__Directions for this task__: What you write must be the lines from the one holding "Damska koszula o" through the final line of the records below, reproduced exactly, minus the pictures.

__Available records__:
========================================================================

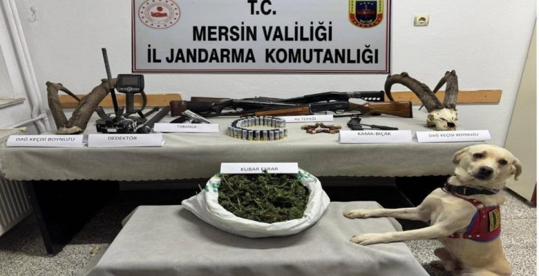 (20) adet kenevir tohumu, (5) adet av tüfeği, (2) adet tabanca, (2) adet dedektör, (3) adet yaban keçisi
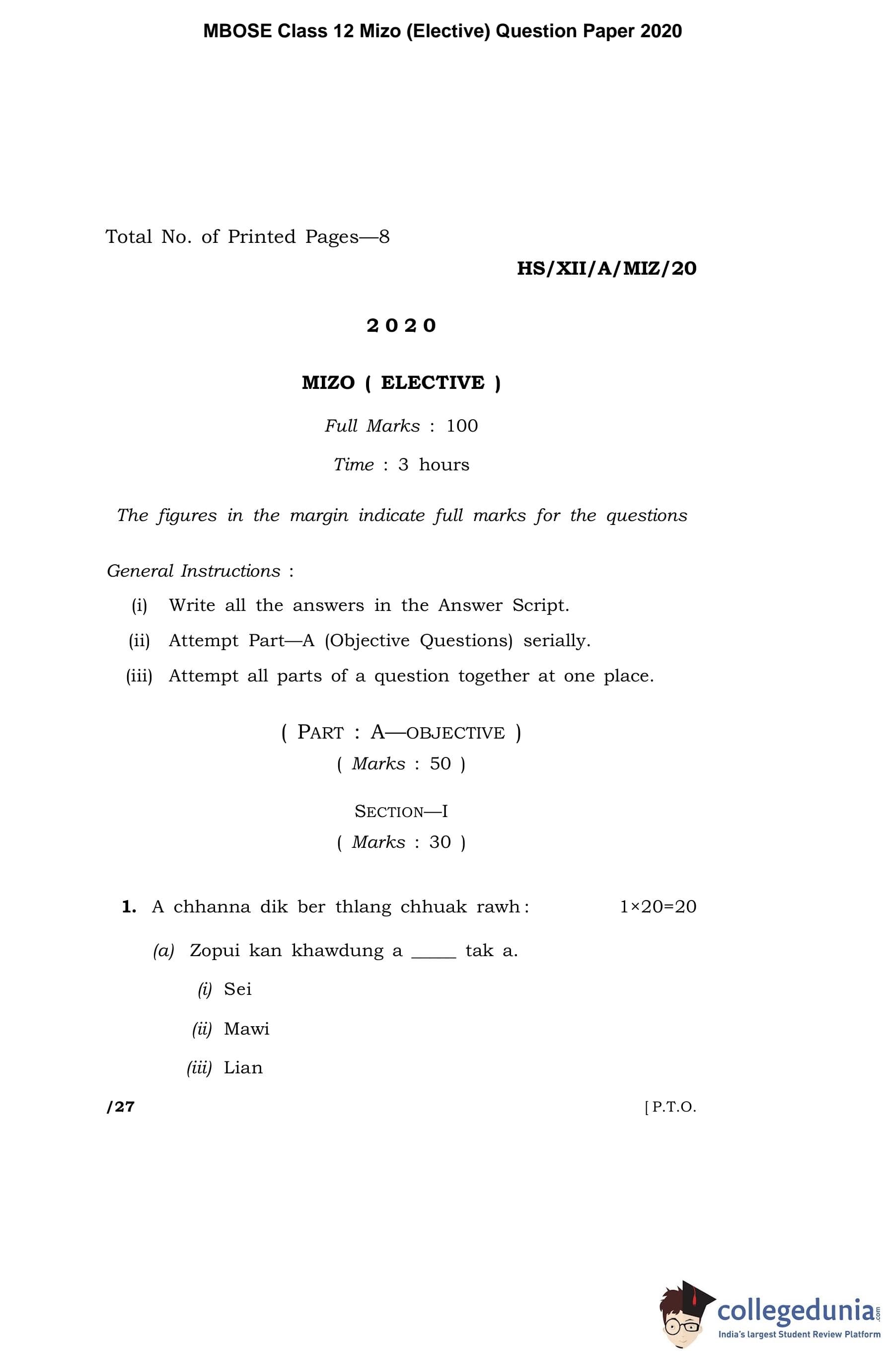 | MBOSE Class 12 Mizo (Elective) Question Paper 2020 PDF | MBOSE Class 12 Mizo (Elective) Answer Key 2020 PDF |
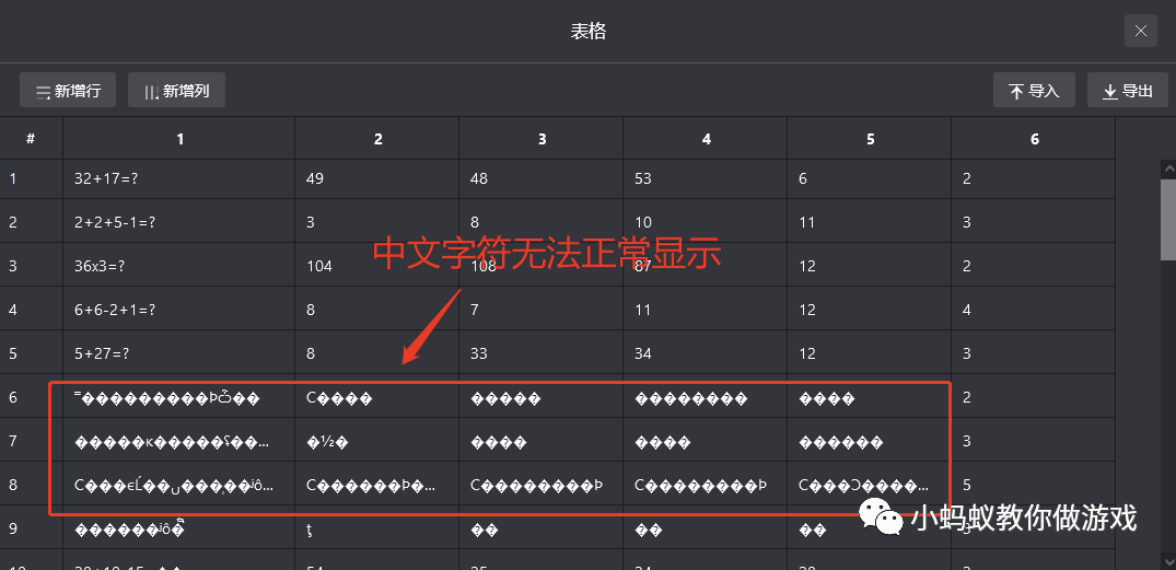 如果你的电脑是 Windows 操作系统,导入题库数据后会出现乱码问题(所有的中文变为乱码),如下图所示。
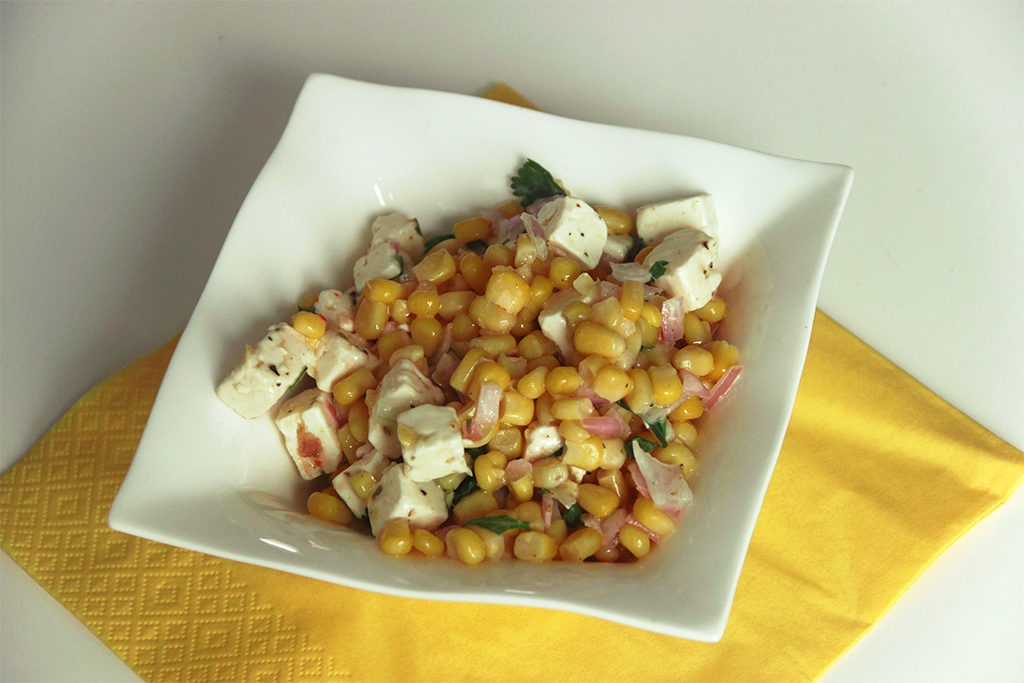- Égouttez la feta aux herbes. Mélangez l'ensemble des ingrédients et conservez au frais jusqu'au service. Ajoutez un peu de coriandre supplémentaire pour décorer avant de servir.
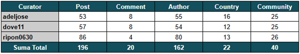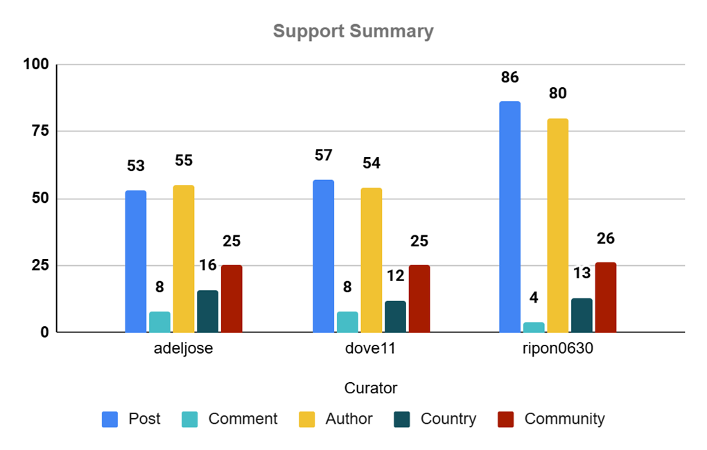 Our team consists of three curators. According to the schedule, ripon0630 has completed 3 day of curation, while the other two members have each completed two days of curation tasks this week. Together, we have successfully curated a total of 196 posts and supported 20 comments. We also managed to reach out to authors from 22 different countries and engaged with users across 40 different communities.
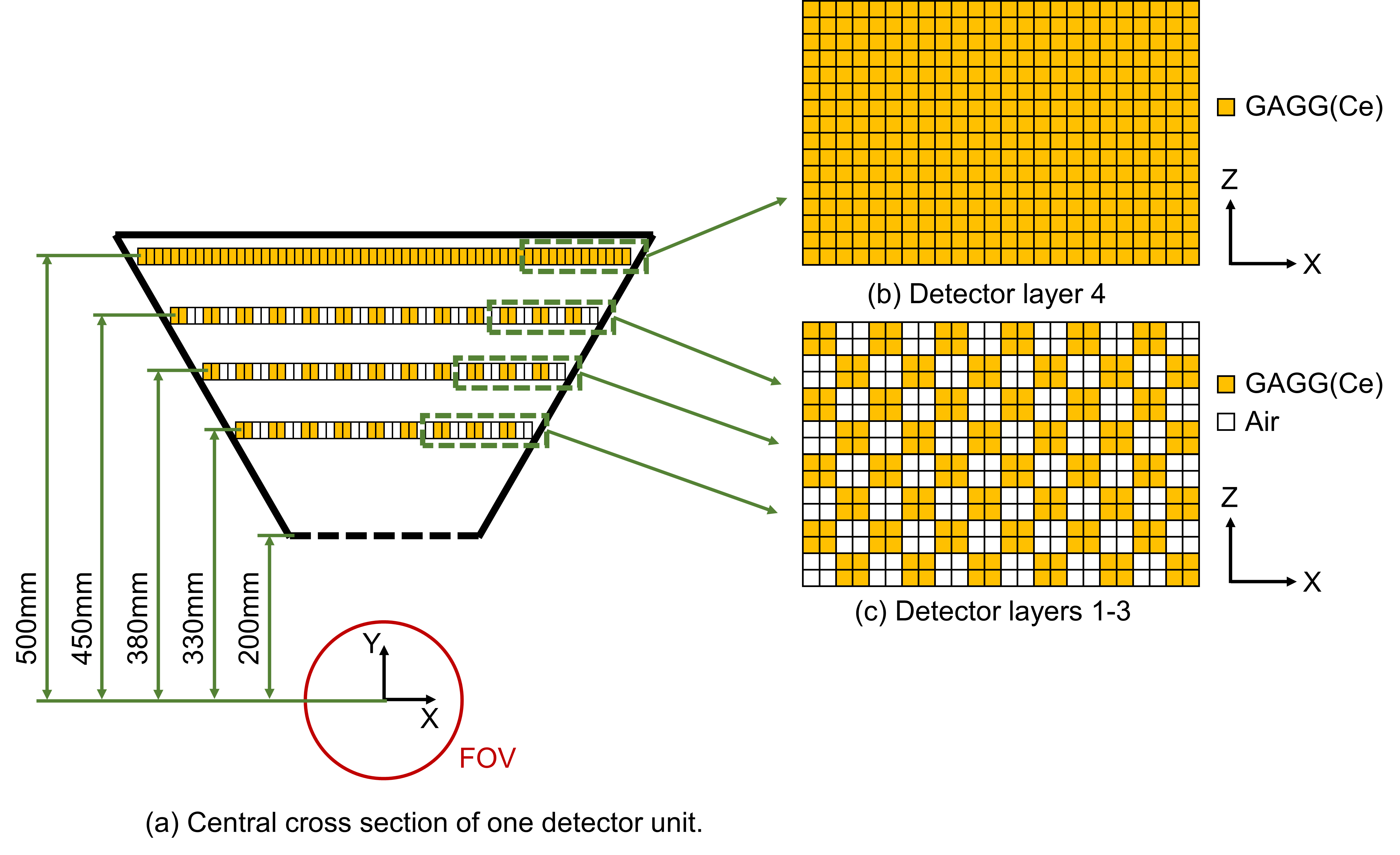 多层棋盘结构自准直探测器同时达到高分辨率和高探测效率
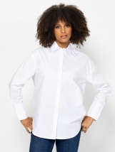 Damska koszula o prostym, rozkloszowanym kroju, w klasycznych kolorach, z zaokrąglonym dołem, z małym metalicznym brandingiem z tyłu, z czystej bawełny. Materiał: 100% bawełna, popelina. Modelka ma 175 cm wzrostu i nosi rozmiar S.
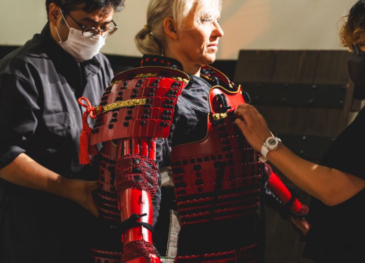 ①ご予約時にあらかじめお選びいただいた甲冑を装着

========================================================================

__Answer below__:
 Damska koszula o prostym, rozkloszowanym kroju, w klasycznych kolorach, z zaokrąglonym dołem, z małym metalicznym brandingiem z tyłu, z czystej bawełny. Materiał: 100% bawełna, popelina. Modelka ma 175 cm wzrostu i nosi rozmiar S.
 ①ご予約時にあらかじめお選びいただいた甲冑を装着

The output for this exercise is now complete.